# 2002 honda wont drive or reverse



## dre2014 (Feb 13, 2015)

I have a 2002 honda foreman rucibcon trx500fa. When i put it into drive it and give press the throttle it feels like it wants to move but doesnt. I retrieved the code and it was 6 blinks stating the angle sensor or ecm. i do not have a spare ecm to use as a tester to verify if the ecm is bad. I tested the angle sensor and verified it was good. The bike does the same in reverse. When i start it up esp d1 d2 and gear position just flash. 

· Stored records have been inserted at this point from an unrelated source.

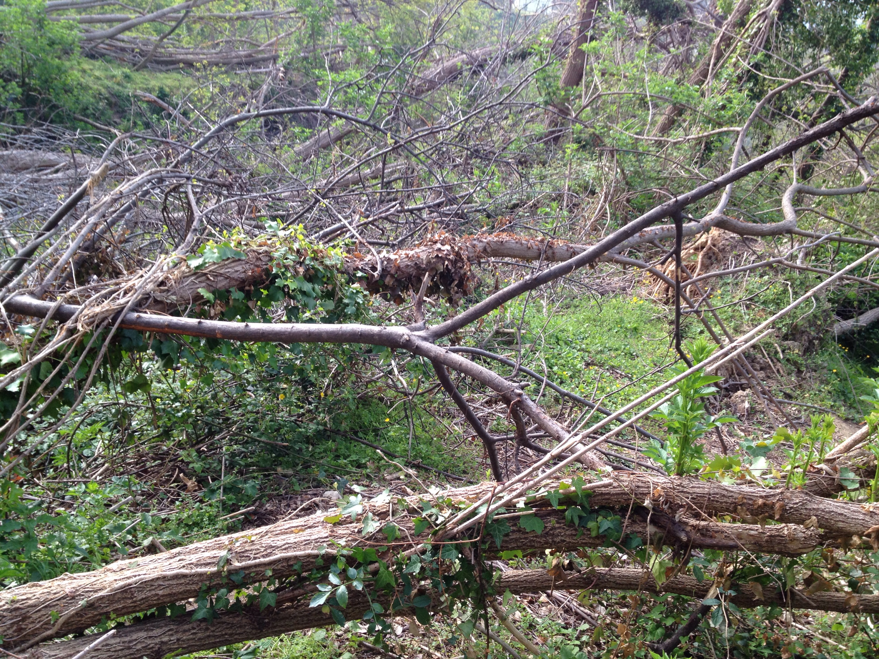It was a long walk of around 32 km. There was a big mixture of dangerous busy roads , quiet country roads as well as quite a few tracks through the forest. At one stage , I came across a valley with a large number of trees fallen. Someone did tell me yesterday that there had been a huge storm last week. Luckily someone had cut the larger trees across the path with a chain saw, but I still had to do a lot of scrambling, especially squeezing through gaps between fallen branches with my backpack.
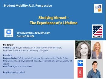 American Corner Zagreb hosts Viktorija Car, Full Professor in Media and Communication, at the Faculty of Political Science, the University of Zagreb, for an online panel: Studying Abroad: The Experience of a Lifetime with the two panelists Dagmar Radin, an Associate Professor of Political Science, at the Faculty of Political Science, the University of Zagreb, and Emil Čančar, M.S. in Journalism.
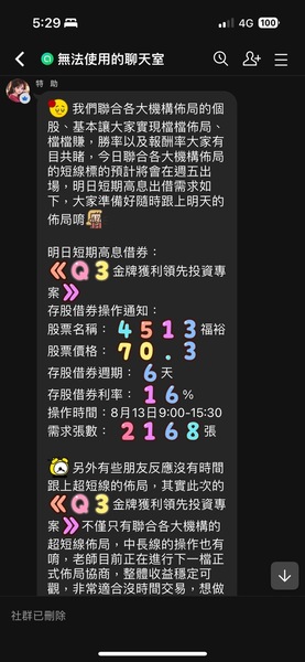 又或者是每天發布「今日盤中飆股」但如果想要知道確切是哪一檔,就要加入另一個Line群組領取
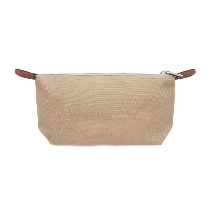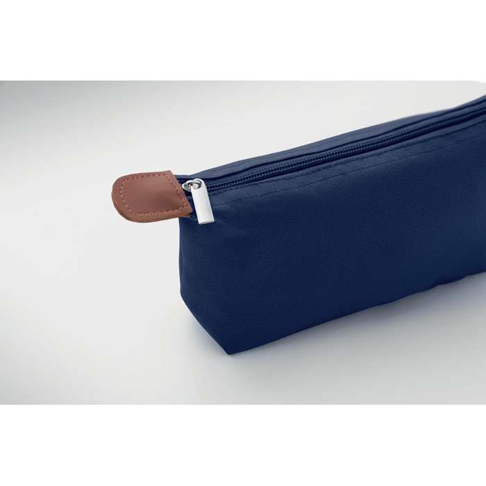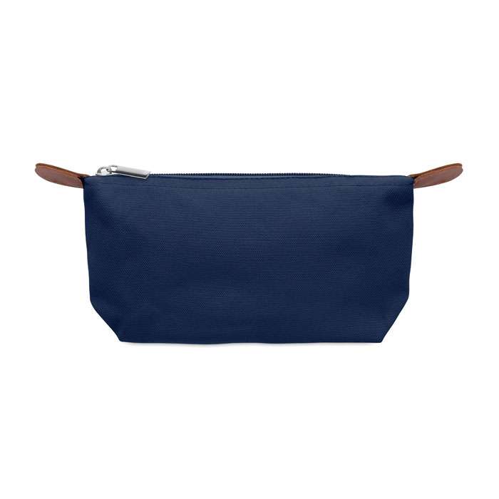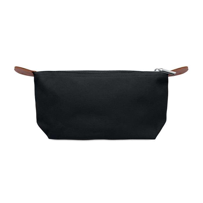 Necessär av 600D RPET-polyester med dragkedja upptill och brun PU-detalj.
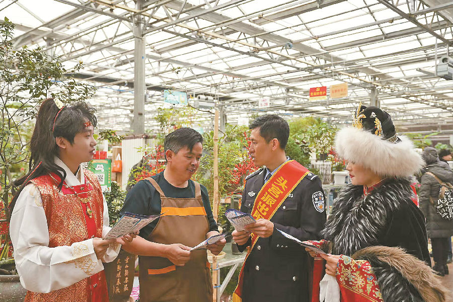 2月12日,新疆明珠花卉市场张灯结彩,热闹非凡。乌鲁木齐市公安局沙依巴克区分局头宫派出所联合该花卉市场举办“古装反诈游园会”,将《红楼梦》古装巡演与反诈宣传巧妙结合,向商户和市民宣讲防骗知识。 石榴云/新疆法治报记者 单坤 摄
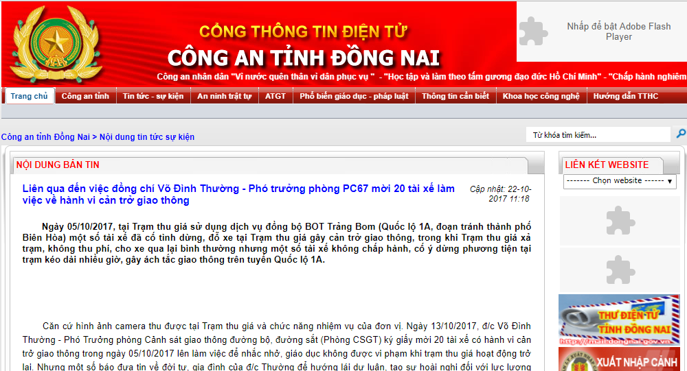 Trưa 22/10, Công an tỉnh Đồng Nai đã thông tin chính thức sự việc liên quan đến Thượng tá Võ Đình Thường - Phó phòng CSGT tỉnh Đồng Nai.
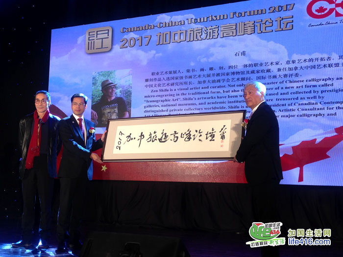 加拿大中国艺术联盟意象书画家,加拿大新时代杰出艺术家石甫向2017加中旅游论坛赠与书法作品
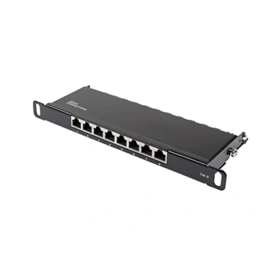 High-quality patch panel / patch panel / distribution panel - 10 inch / 10 inch design with 8 ports - open without tools Cat. 6 / Category 6 - Suitable for 1 GIGABIT/s Ethernet and for transmission frequencies up to 250 MHz Shielded (STP) + complete shielding of RJ45 sockets and LSA strips + central earth connection Cable installation via LSA strips (colour marking according to TIA 568 A/B) - for solid and stranded cables (22-26 AWG) Colour: Jet Black (RAL9005) / Dimensions (WxDxH): 254 x 100 x 22 mm

i was told by the previous owner he replaced the brains behind the light on the steering column. and also that when he previously had the problem he messed with the gear linkage to rectify it but hes not sure what he did.


----------



## dre2014 (Feb 13, 2015)

ok i got on it today and the d1 d2 and esp are all flashing still but it did drive foward i only drove it 10 mph but reverse sounds like its slipping any ideas?


----------



## dre2014 (Feb 13, 2015)

got on it again today and it will not drive foward it nudges foward but doesnt really move just nudges. reverse is still sounding like a slipping


----------



## dre2014 (Feb 13, 2015)

well turns out i was trouble shooting the wrong component while troubleshooting the angle sensor. I located the right component (angle sensor) and tested it and it failed. i bought another one for 100 dollars and installed it ( you must preload this sensor as per the service manual FYI) and the did the initialization procedure and all my problems are fixed! Hope this helps some one out in the long haul. I also set the gear linkage back to the factory settings which im sure had to be done anyways.


----------



## Snapdown2004 (Sep 4, 2015)

How do I preload a new angle sensor for a trx400fa?


----------